Russia causes death of revered veteran of Crimean Tatar movement, then tries to hide it

Vedzhie Kashka

Vedzhie Kashka

Author: Halya Coynash

83-year-old Vedzhie Kashkavictim of the 1944 Deportation and veteran of the non-violent struggle of the Crimean Tatar people for their rights, died on November 23 after Russian FSB officers burst into a restaurant where she had been sitting and tried to detain her.   She had recently been unwell, and back in 2014 when the FSB first summoned her for interrogation, had suffered from heart problems.

Under such circumstances, it is impossible not to agree with Crimean Tatar leader Ilmi Umerov, that Russia has yet another death on their hands, that of an elderly woman of frail body but unbreakable will and commitment, who was deeply revered by Crimean Tatars and other Ukrainians.

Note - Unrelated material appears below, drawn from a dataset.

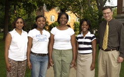Courtney Hayes (second from left), who plans to attend Stillman College, Brittany Montgomery (center), who will attend Tuskegee University, and Valencia Barnes (second from right), who will attend The University of Alabama, all May 2004 high school graduates from Dallas County, are pictured with Cynthia Moore (far left), assistant director of the UA Rural Health Scholars Program, and Dr. John Wheat (far right), professor of community and rural medicine in the UA College of Community Health Sciences.

When summoned back in 2014, Vedzhie Kashka  responded:

“I’m not a coward, and never hid before nor now, and I therefore came, but I don’t know why I was called.”

The armed searches and arrests on November 23 were of particular cynicism, as is seen in the report on Vedzhiye Kashka’s death in the Russian state-controlled RIA Novosti.  This claimed that “the elderly woman had received money from a foreigner and hidden it under her own clothes”.

Later that day, the same RIA Novosti went further, publishing a heavily edited video of the detentions, which left out Vedzhie Kashka altogether.

Everything about the arrests on Thursday and the FSB’s ‘special operation’ demonstrated immense cynicism, with the aim presumably to try to discredit the Crimean Tatar Mejlis.  Russia is flouting the International Court of Justice at the Hague, as well as the international community, in refusing to revoke its extraordinary ban on this self-governing body of the main indigenous people of Crimea.

Five Crimean Tatars were seized on Thursday during an armed raid on a café in Simferopol:  Bekir Dehermendzhy, an activist of the Crimean Tatar national movement whose son Mustafa is a recognized political prisoner; Asan Chapukh, head of the Mejlis in Yalta; Kazim Ametov, Head of the Mejlis in the Hrushevka township; Kurtseit Abdullaev and Ruslan Trubach.